§ The data:
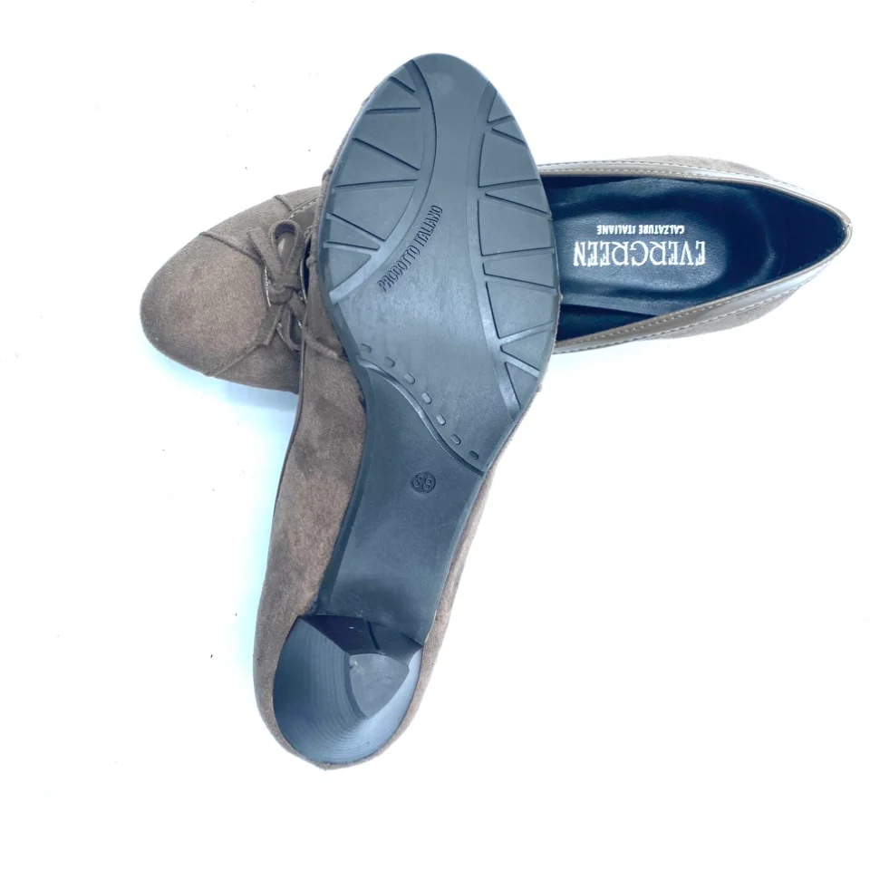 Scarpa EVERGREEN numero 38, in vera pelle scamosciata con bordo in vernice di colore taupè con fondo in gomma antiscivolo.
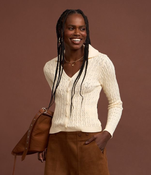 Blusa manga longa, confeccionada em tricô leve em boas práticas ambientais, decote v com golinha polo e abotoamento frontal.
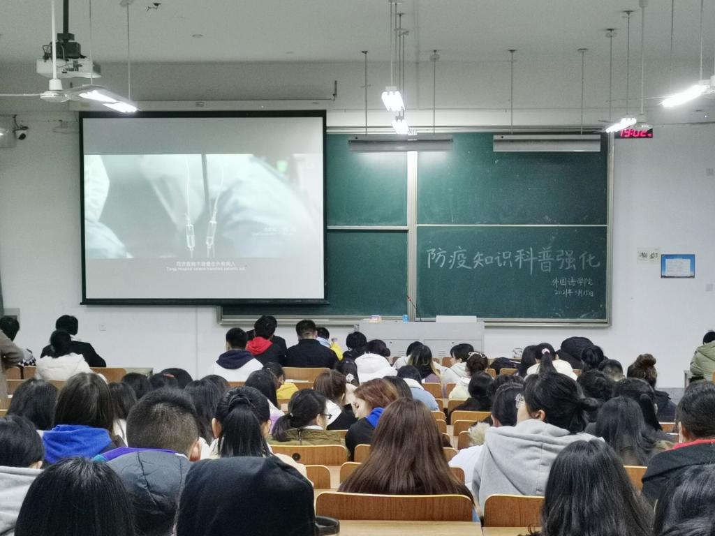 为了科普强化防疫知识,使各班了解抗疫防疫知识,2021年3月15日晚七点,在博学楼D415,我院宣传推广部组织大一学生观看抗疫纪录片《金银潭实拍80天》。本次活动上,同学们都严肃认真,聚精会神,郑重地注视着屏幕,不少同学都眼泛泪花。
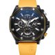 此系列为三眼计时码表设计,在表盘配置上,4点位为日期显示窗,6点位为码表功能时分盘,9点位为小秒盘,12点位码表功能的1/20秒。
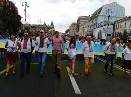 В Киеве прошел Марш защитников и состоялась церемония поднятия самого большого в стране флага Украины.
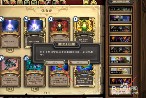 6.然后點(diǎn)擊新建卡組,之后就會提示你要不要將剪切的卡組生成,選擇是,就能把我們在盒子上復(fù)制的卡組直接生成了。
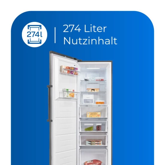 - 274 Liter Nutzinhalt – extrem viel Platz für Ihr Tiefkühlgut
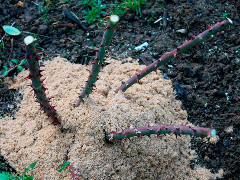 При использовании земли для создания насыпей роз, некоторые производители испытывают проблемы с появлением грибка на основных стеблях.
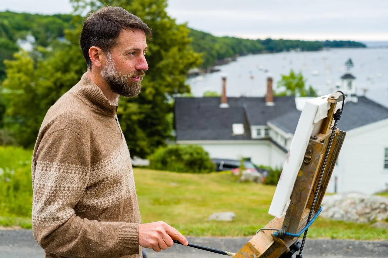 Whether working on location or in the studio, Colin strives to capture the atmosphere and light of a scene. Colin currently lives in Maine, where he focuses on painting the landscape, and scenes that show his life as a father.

§ What is required: Between and including the line above that contains "Blusa manga longa, confeccionada" and the line that contains "为了科普强化防疫知识,使各班", restate every line word for word. Pictures stay out.

§ Answer space:
 Blusa manga longa, confeccionada em tricô leve em boas práticas ambientais, decote v com golinha polo e abotoamento frontal.
 为了科普强化防疫知识,使各班了解抗疫防疫知识,2021年3月15日晚七点,在博学楼D415,我院宣传推广部组织大一学生观看抗疫纪录片《金银潭实拍80天》。本次活动上,同学们都严肃认真,聚精会神,郑重地注视着屏幕,不少同学都眼泛泪花。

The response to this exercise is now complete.